TASK INSTRUCTIONS: Below are records with pictures. Transcribe exactly, and only, the lines from the line with "magazine no. 28…" to the line with "Na webe si vyberiete", both ends included, but not the pictures.

MATERIAL TO PROCESS:
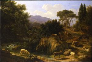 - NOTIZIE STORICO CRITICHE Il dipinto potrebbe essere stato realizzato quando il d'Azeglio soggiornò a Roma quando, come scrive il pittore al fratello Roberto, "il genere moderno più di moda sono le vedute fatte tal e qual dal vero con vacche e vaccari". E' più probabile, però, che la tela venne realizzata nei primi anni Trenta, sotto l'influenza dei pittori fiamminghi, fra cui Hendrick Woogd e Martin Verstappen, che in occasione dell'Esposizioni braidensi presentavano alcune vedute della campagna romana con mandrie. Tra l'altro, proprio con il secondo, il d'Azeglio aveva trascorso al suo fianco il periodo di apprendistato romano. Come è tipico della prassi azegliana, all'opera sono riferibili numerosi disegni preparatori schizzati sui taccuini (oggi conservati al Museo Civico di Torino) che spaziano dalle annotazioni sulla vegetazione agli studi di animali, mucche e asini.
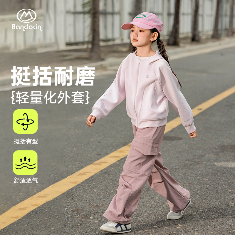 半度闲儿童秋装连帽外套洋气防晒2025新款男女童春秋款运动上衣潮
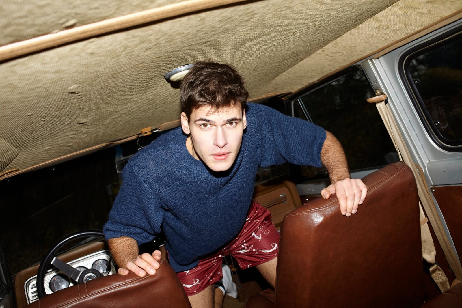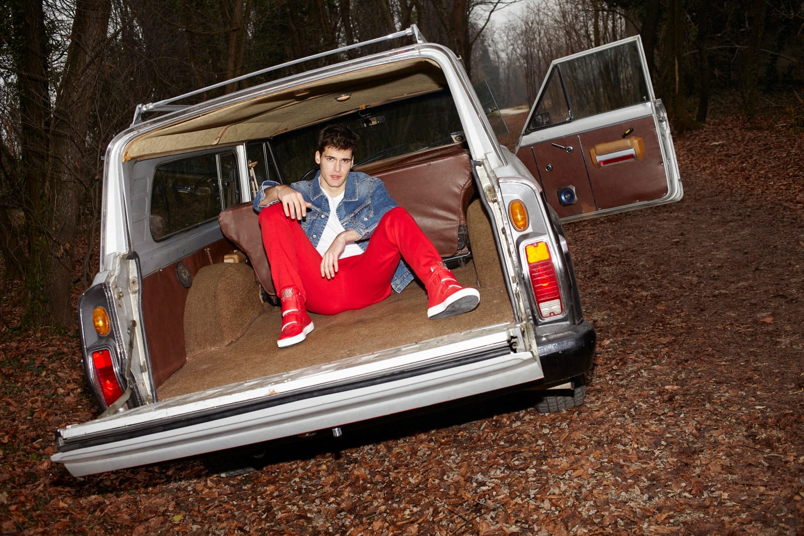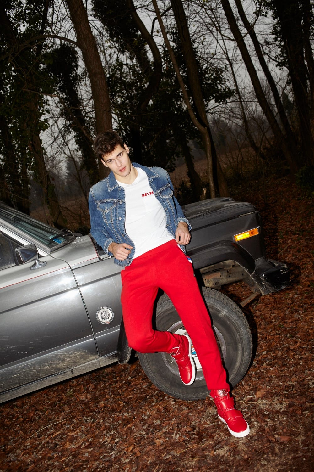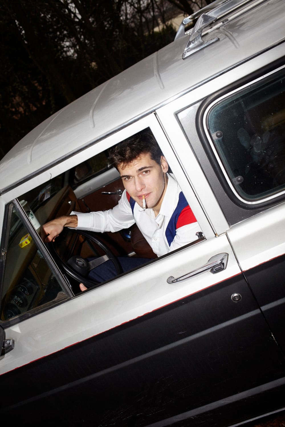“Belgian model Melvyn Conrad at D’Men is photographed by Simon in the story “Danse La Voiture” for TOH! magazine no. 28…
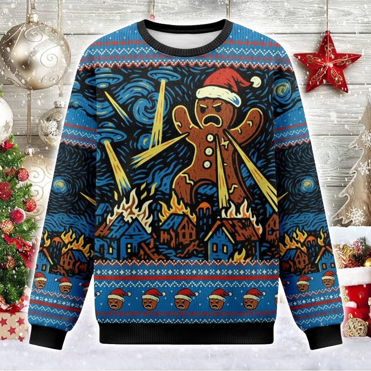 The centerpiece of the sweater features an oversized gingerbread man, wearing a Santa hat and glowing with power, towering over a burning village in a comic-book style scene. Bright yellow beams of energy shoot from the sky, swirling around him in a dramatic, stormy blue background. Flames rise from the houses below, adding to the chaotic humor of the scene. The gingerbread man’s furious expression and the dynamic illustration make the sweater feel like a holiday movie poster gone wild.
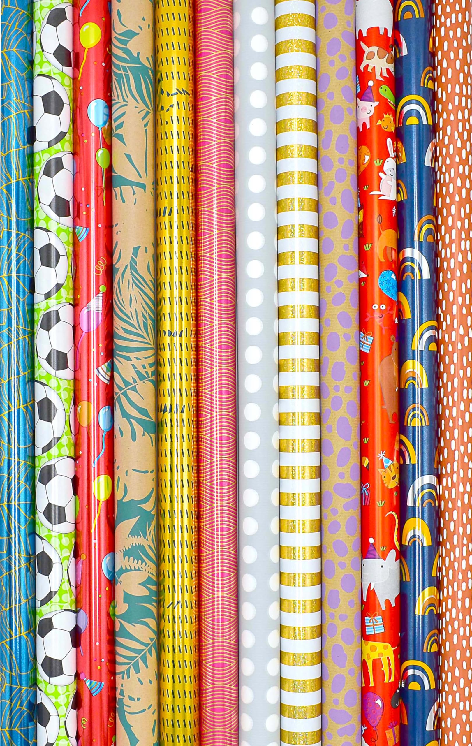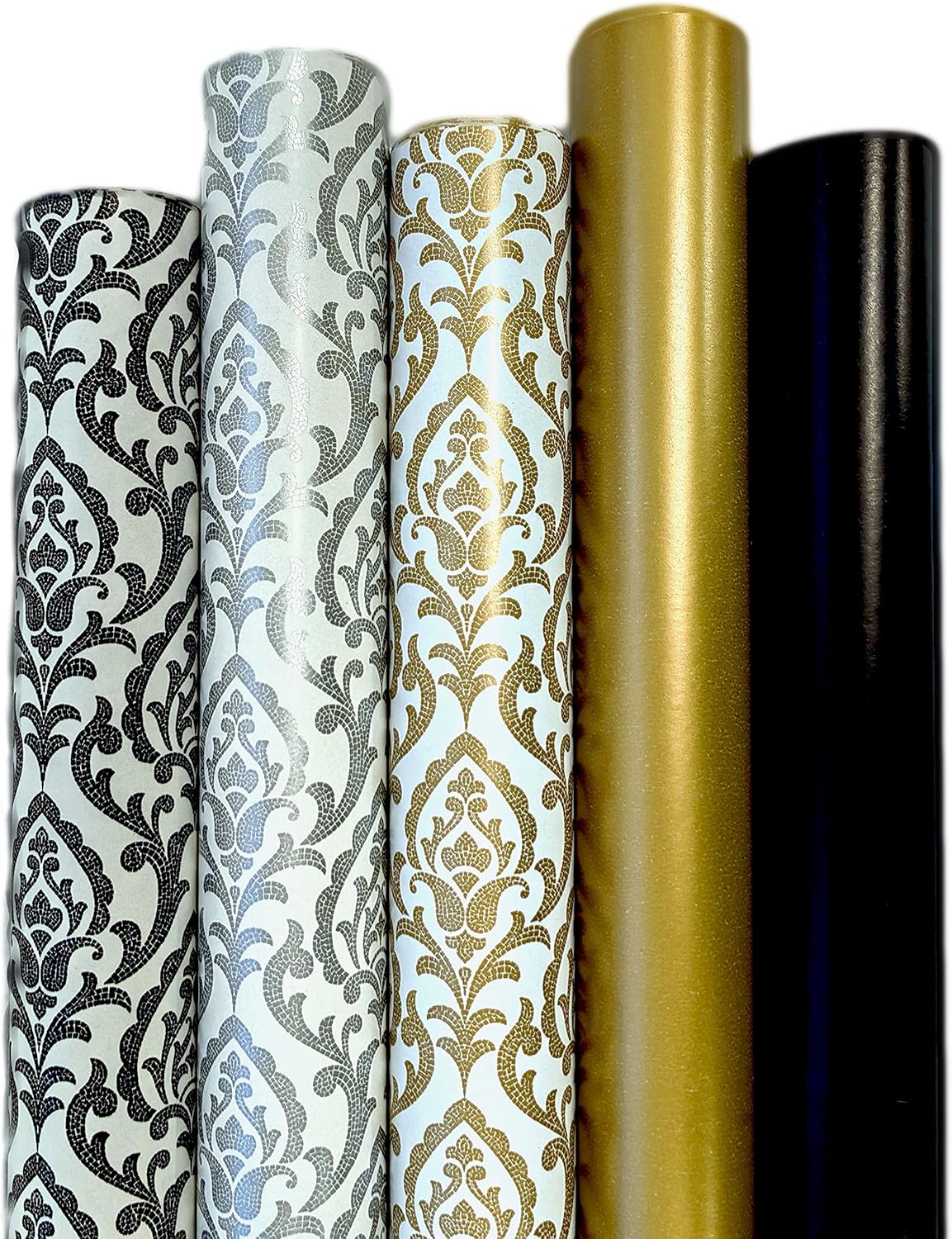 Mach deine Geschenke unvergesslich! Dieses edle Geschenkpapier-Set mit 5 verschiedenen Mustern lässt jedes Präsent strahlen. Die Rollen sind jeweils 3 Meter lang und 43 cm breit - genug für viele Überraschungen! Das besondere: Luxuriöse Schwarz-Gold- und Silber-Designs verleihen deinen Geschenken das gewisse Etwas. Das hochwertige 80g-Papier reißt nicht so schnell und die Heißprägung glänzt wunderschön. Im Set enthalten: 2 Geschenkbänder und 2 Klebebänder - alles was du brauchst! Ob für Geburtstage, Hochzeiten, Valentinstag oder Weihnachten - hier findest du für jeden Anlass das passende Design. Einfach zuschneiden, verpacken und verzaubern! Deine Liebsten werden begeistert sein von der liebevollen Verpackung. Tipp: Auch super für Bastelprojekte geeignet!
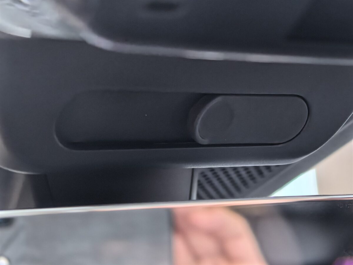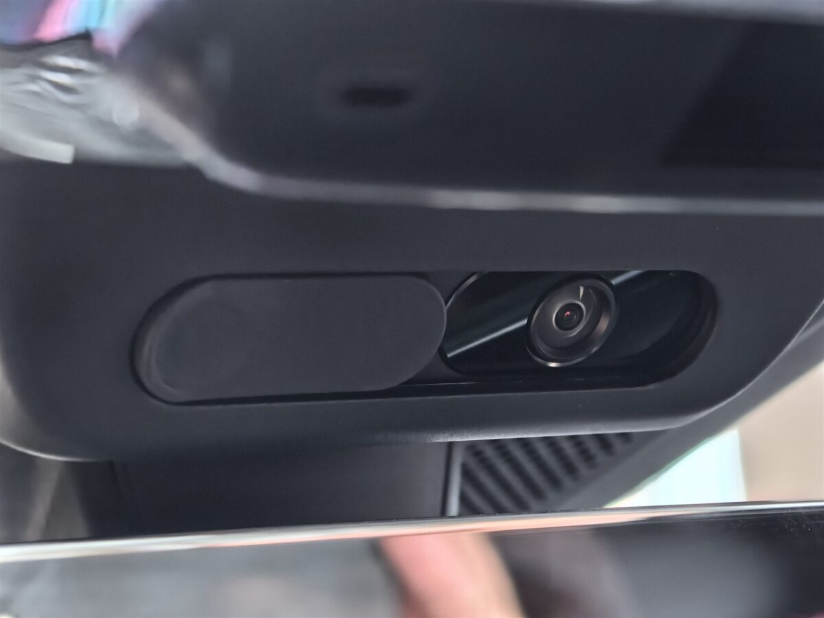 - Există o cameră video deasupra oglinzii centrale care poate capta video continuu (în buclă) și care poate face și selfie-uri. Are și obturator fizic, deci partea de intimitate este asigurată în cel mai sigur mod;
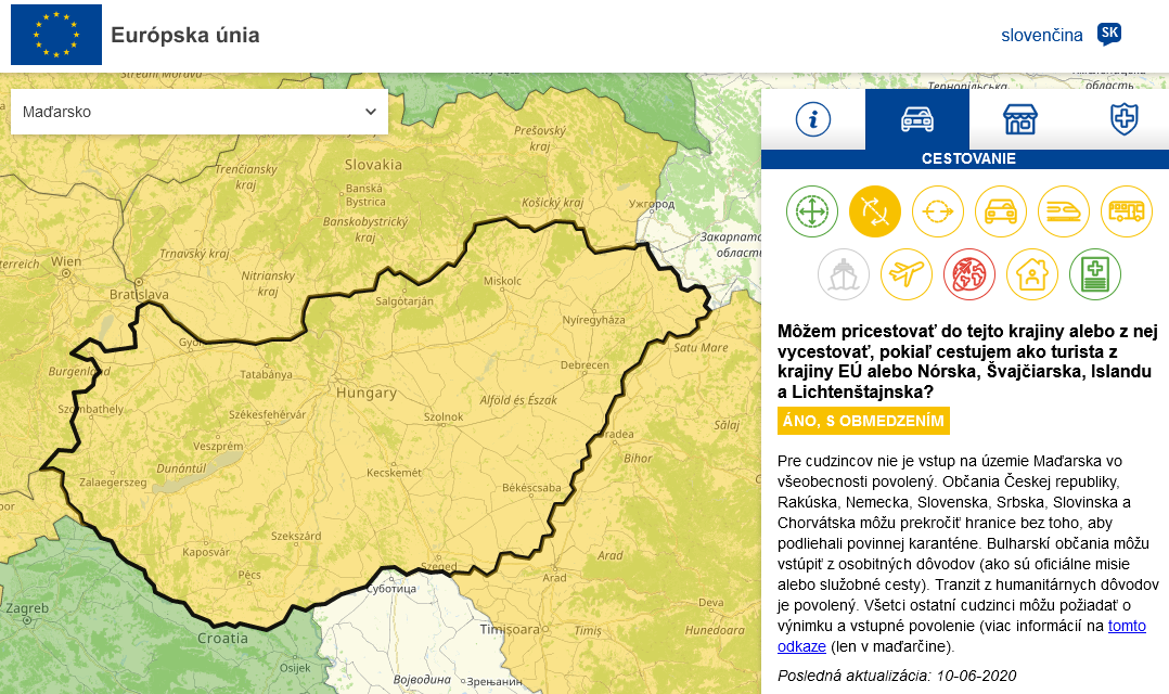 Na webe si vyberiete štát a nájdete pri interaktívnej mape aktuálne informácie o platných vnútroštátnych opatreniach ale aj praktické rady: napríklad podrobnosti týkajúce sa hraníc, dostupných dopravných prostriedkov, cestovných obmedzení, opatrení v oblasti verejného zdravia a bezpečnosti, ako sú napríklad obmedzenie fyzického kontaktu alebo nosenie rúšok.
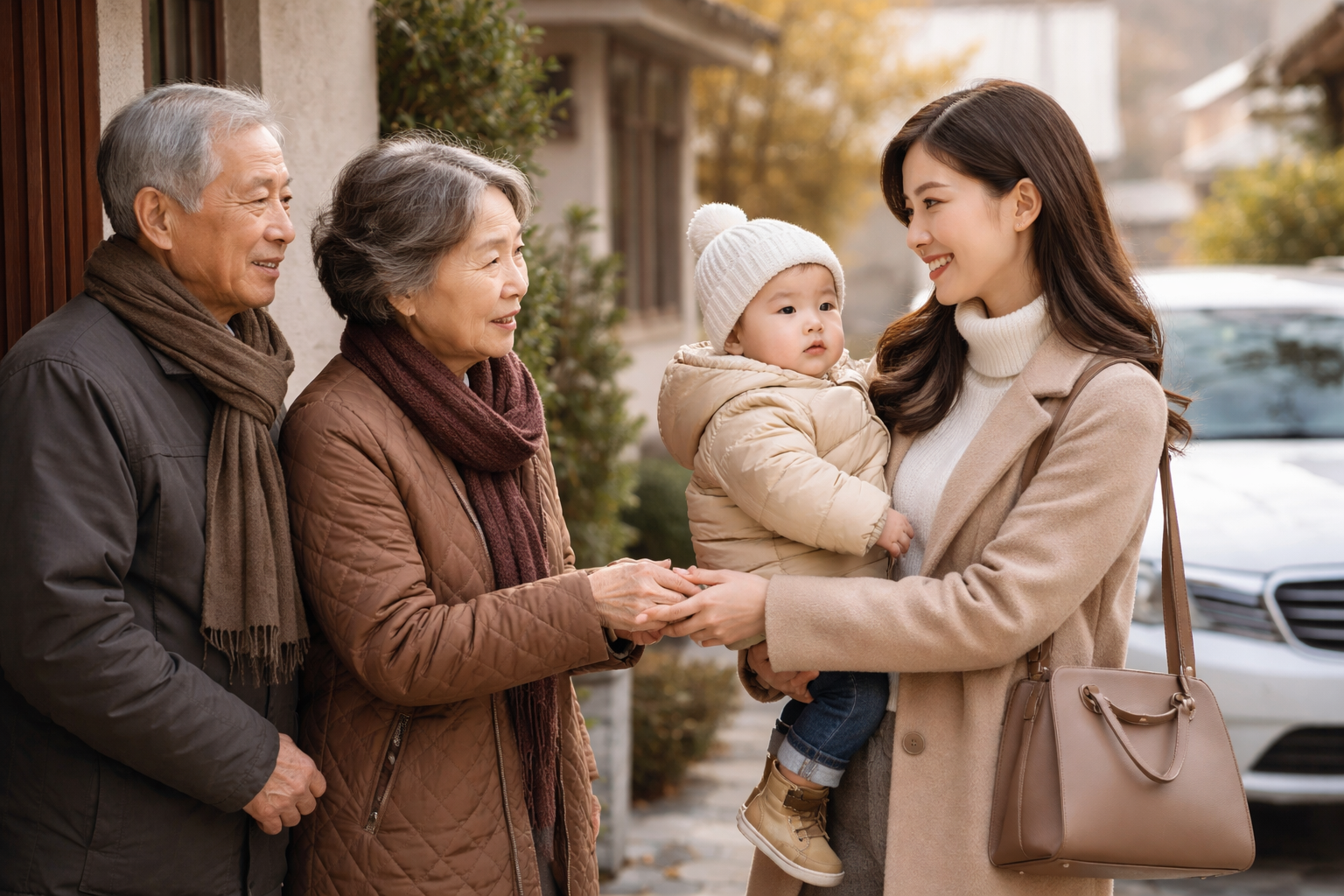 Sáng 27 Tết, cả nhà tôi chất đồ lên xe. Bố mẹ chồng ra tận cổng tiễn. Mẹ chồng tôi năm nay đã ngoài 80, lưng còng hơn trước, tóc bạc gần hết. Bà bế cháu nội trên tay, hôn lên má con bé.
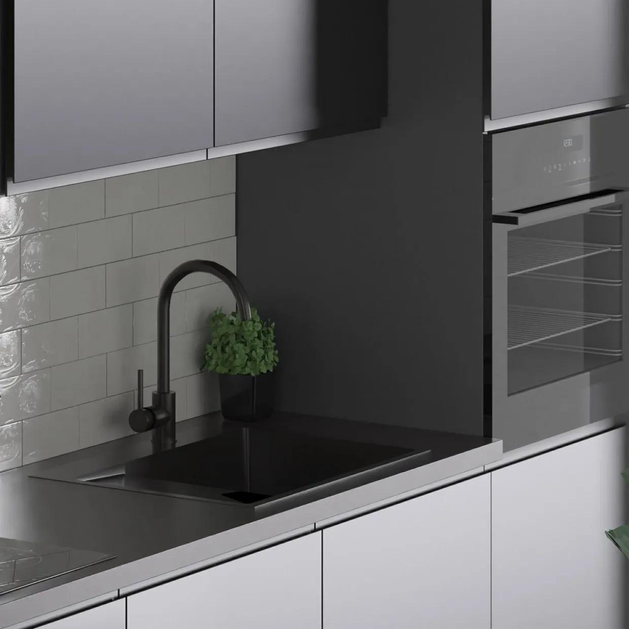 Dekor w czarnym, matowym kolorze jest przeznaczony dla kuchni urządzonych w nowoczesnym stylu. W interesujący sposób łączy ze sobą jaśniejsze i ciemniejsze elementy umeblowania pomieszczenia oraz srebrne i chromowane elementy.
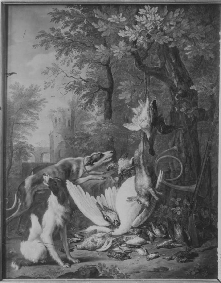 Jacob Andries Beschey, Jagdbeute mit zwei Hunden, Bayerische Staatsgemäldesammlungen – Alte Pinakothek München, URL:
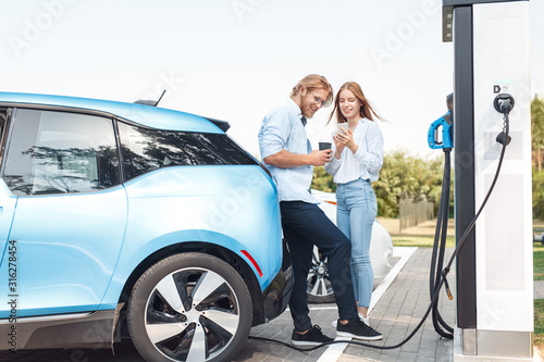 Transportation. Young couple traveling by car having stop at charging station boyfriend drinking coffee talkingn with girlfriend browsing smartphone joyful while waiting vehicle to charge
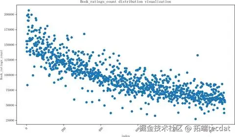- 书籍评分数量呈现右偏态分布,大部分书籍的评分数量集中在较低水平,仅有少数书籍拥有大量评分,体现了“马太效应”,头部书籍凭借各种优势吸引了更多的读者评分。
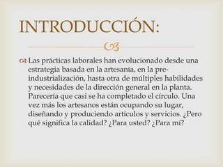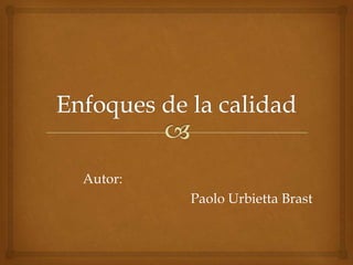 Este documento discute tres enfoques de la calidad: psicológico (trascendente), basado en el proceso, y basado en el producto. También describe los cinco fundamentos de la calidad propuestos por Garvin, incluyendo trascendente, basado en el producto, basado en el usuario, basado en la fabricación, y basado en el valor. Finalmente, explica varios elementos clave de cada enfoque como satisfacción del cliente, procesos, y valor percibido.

SOLUTION TO THIS EXERCISE:
“Belgian model Melvyn Conrad at D’Men is photographed by Simon in the story “Danse La Voiture” for TOH! magazine no. 28…
 The centerpiece of the sweater features an oversized gingerbread man, wearing a Santa hat and glowing with power, towering over a burning village in a comic-book style scene. Bright yellow beams of energy shoot from the sky, swirling around him in a dramatic, stormy blue background. Flames rise from the houses below, adding to the chaotic humor of the scene. The gingerbread man’s furious expression and the dynamic illustration make the sweater feel like a holiday movie poster gone wild.
 Mach deine Geschenke unvergesslich! Dieses edle Geschenkpapier-Set mit 5 verschiedenen Mustern lässt jedes Präsent strahlen. Die Rollen sind jeweils 3 Meter lang und 43 cm breit - genug für viele Überraschungen! Das besondere: Luxuriöse Schwarz-Gold- und Silber-Designs verleihen deinen Geschenken das gewisse Etwas. Das hochwertige 80g-Papier reißt nicht so schnell und die Heißprägung glänzt wunderschön. Im Set enthalten: 2 Geschenkbänder und 2 Klebebänder - alles was du brauchst! Ob für Geburtstage, Hochzeiten, Valentinstag oder Weihnachten - hier findest du für jeden Anlass das passende Design. Einfach zuschneiden, verpacken und verzaubern! Deine Liebsten werden begeistert sein von der liebevollen Verpackung. Tipp: Auch super für Bastelprojekte geeignet!
 - Există o cameră video deasupra oglinzii centrale care poate capta video continuu (în buclă) și care poate face și selfie-uri. Are și obturator fizic, deci partea de intimitate este asigurată în cel mai sigur mod;
 Na webe si vyberiete štát a nájdete pri interaktívnej mape aktuálne informácie o platných vnútroštátnych opatreniach ale aj praktické rady: napríklad podrobnosti týkajúce sa hraníc, dostupných dopravných prostriedkov, cestovných obmedzení, opatrení v oblasti verejného zdravia a bezpečnosti, ako sú napríklad obmedzenie fyzického kontaktu alebo nosenie rúšok.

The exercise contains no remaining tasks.